Subrogation is a very fancy term for the "back room" negotiation
that goes on once an insurance claim is being settled.
An example: A SnowBird goes south for the winter and is involved in a serious
car accident the medical bill is $100,000.
The SnowBird has limited credit card coverage, car insurance, travel
insurance and a retiree plan that pays a lifetime maximum of $50,000 dollars
CAN.
Who Pays?
Well, believe it or not, even with all that insurance coverage, it could end
up being the SnowBird!
In the back room negotiations that follow, each of the insurers jockeys for
position to be "last payor". That is to say the entity that pays the
balance left over after everyone else has chipped in.
Retiree Plans
This is often the plan that is put on the hook as first payor. This would be
fine if your retiree plan has an unlimited lifetime maximum, however that is
rarely the case. As a result, a large claim could bite into that lifetime
maximum - and reduce the benefits you could receive later in life.

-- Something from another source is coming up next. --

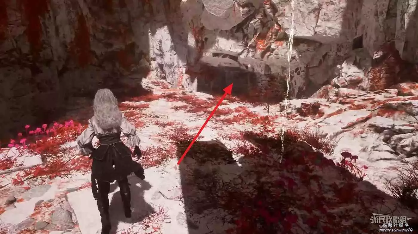 進入緋紅森林先沿著前方圓盤跳到對面平台,往前走的時候,左側有個缺口。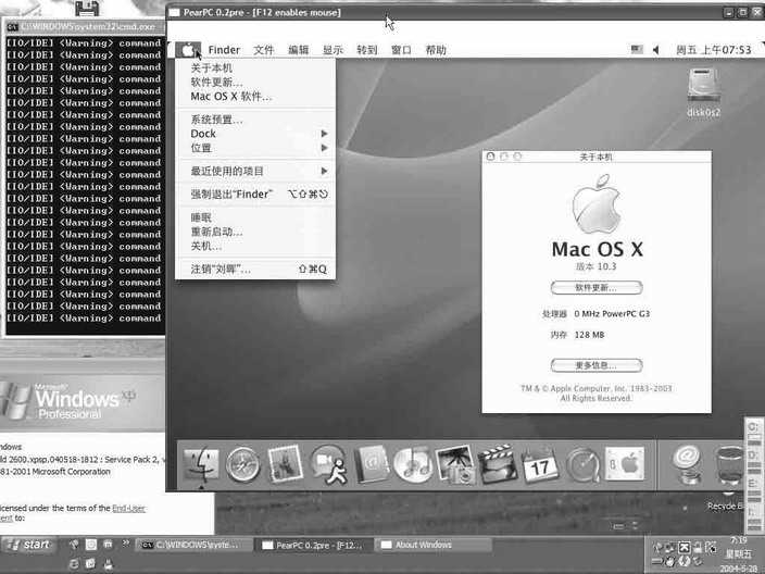 现在PearPC终于有了突破性的进展,只要你的PC配置足够高,那么用该软件在PC上虚拟出一台苹果电脑也未尝不可。笔者试用了这款软件,在一台AMD Athlon XP 1700+ CPU、512MB内存,运行Windows XP Professional的普通PC上成功虚拟出了苹果电脑操作系统。

Given the regrettable statistic that most of us will need some form of long
term care in our life, it is not a benefit to give up lightly.
Credit Card Coverage
This is probably not going to win us any friends at the credit card
companies... But we do not recommend relying on credit card coverage. There's a
good reason it's given away free (or nearly free). Because it is only designed
to pay in a very narrow set of circumstances. The insurance companies that
provide this coverage are generally very good, but they are also very diligent
in making sure that they only pay what they are on the hook for.
Car Insurance
Car insurance regulations vary province by province and state by state. In
Canada, there are guidelines established for how car insurers deal with
subrogation, but the key issue is not the car insurance, but the travel
insurance.
Travel Insurance
There are two groups that work with the travel insurance industry that help
control the potential messiness of situations like the example above.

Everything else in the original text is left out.